Ade Azeez
- Azeez in 2026

Personal information
- Full name: Adebayo Linford Kazim Azeez
- Date of birth: 8 January 1994 (age 32)
- Place of birth: Bromley, London, England
- Height: 6 ft 1 in (1.85 m)
- Position: Forward

Team information
- Current team: Welling United

Youth career
- 0000–2008: Rivercray
- 2008–2012: Charlton Athletic

Senior career*
- Years: Team / Apps / (Gls)
- 2012–2014: Charlton Athletic / 0 / (0)
- 2012–2013: → Wycombe Wanderers (loan) / 4 / (0)
- 2013: → Leyton Orient (loan) / 1 / (0)
- 2013–2014: → Torquay United (loan) / 9 / (2)
- 2014: → Dagenham & Redbridge (loan) / 15 / (3)
- 2014–2016: AFC Wimbledon / 85 / (12)
- 2016–2017: Partick Thistle / 38 / (2)
- 2017–2019: Cambridge United / 39 / (2)
- 2018: → Dover Athletic (loan) / 12 / (1)
- 2019–2020: Newport County / 12 / (1)
- 2020: → Torquay United (loan) / 3 / (1)
- 2020–2021: Dover Athletic / 13 / (2)
- 2021–2022: Dartford / 36 / (11)
- 2022–2023: Welling United / 42 / (15)
- 2023–2025: Billericay Town / 26 / (3)
- 2025: → Sittingbourne (loan) / 15 / (5)
- 2025–2026: Hemel Hempstead Town / 15 / (0)
- 2026–: Welling United / 3 / (1)

International career^{‡}
- 2012: England U19 / 3 / (0)

= Ade Azeez =

English footballer (born 1994)

Adebayo Linford Kazim "Ade" Azeez(born 8 January 1994) is an English professional footballer who plays as a striker for club Welling United.

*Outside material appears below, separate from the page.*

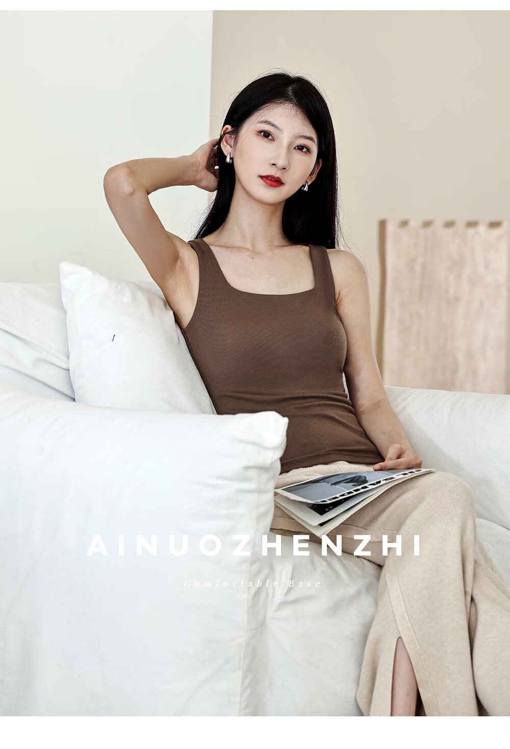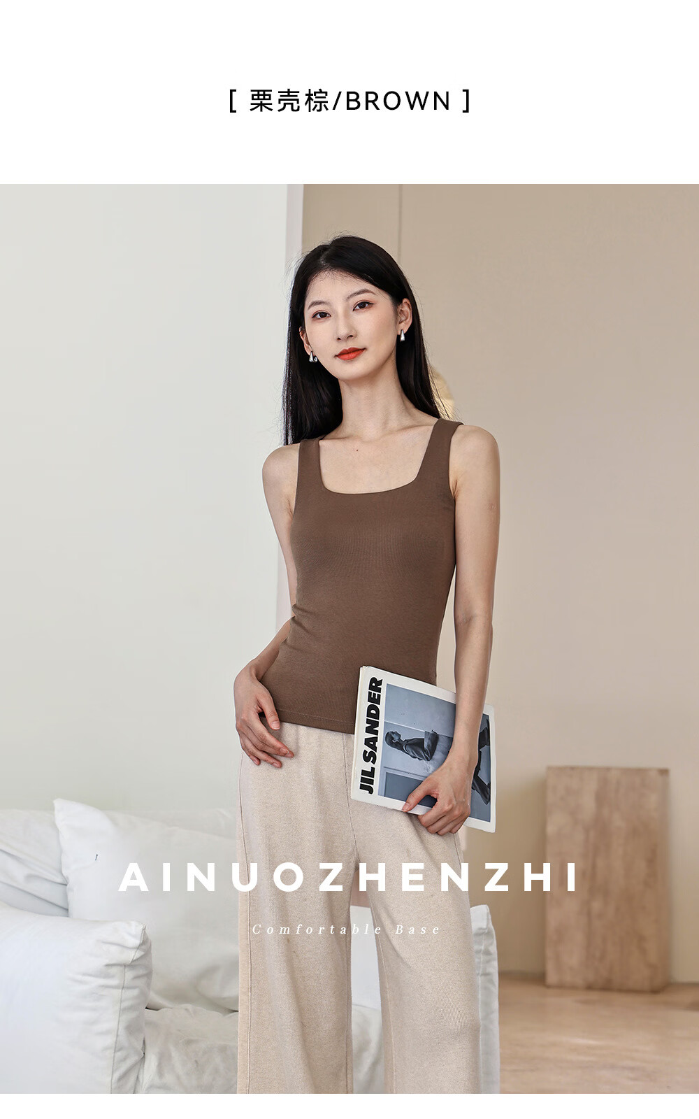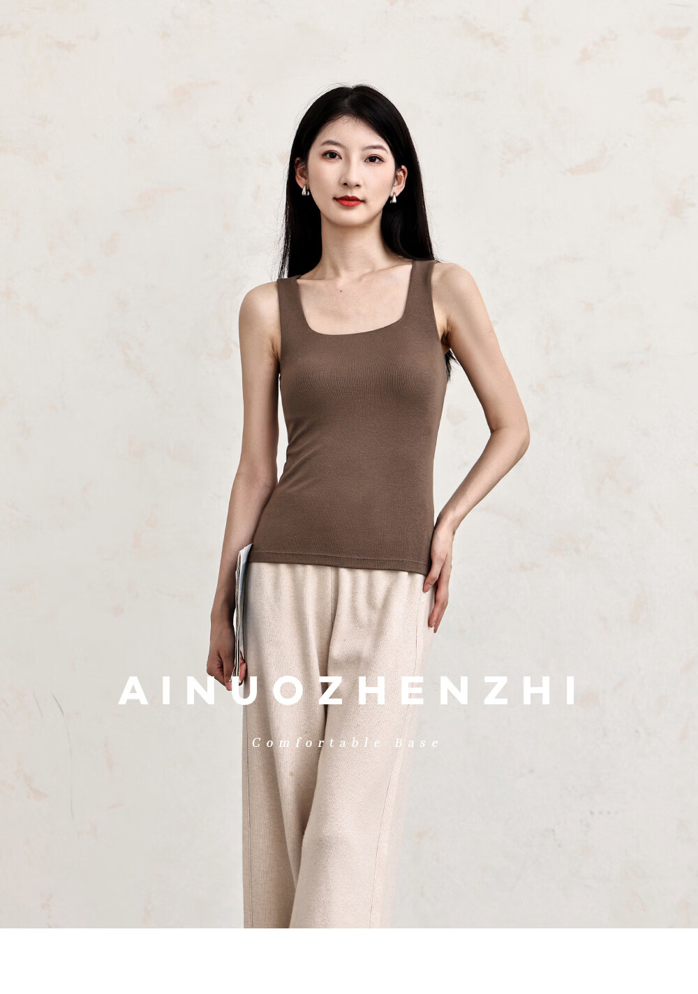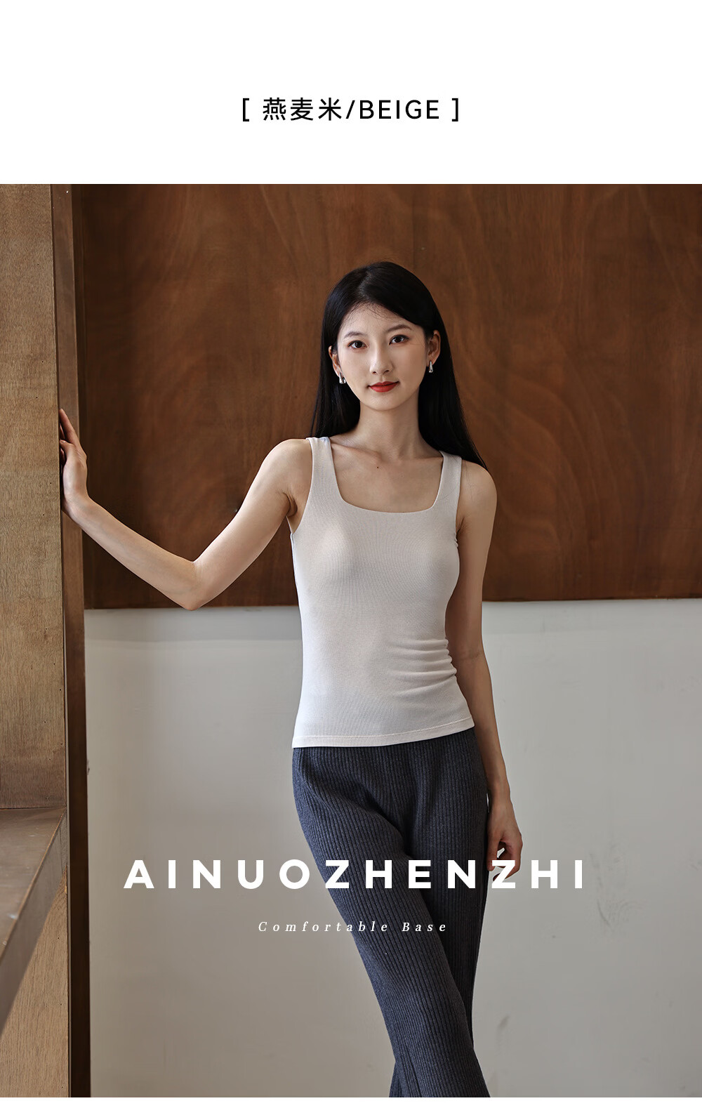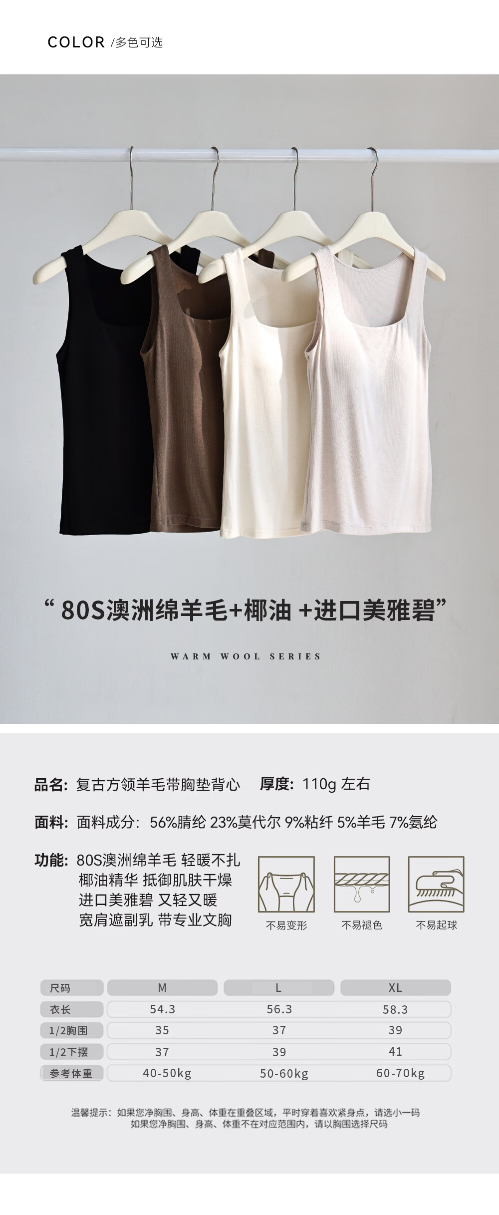 Autumn and winter wool Mayabi thermal vest for women with breast pads, wide shoulder suspender top, slim bottoming, can be worn inside and outside, coconut milk white M (recommended 80-100Jin Jin equals 0.5kg

Azeez began his career with Charlton Athletic, spending time on loan to Wycombe Wanderers, Leyton Orient, Torquay United and Dagenham & Redbridge before being released in 2014. He then played for AFC Wimbledon, making 85 appearances, before signing for Partick Thistle in 2016. After short spells with Cambridge United and Newport County, Azeez re-signed with former loan club Dover Athletic and continues to play non-league football.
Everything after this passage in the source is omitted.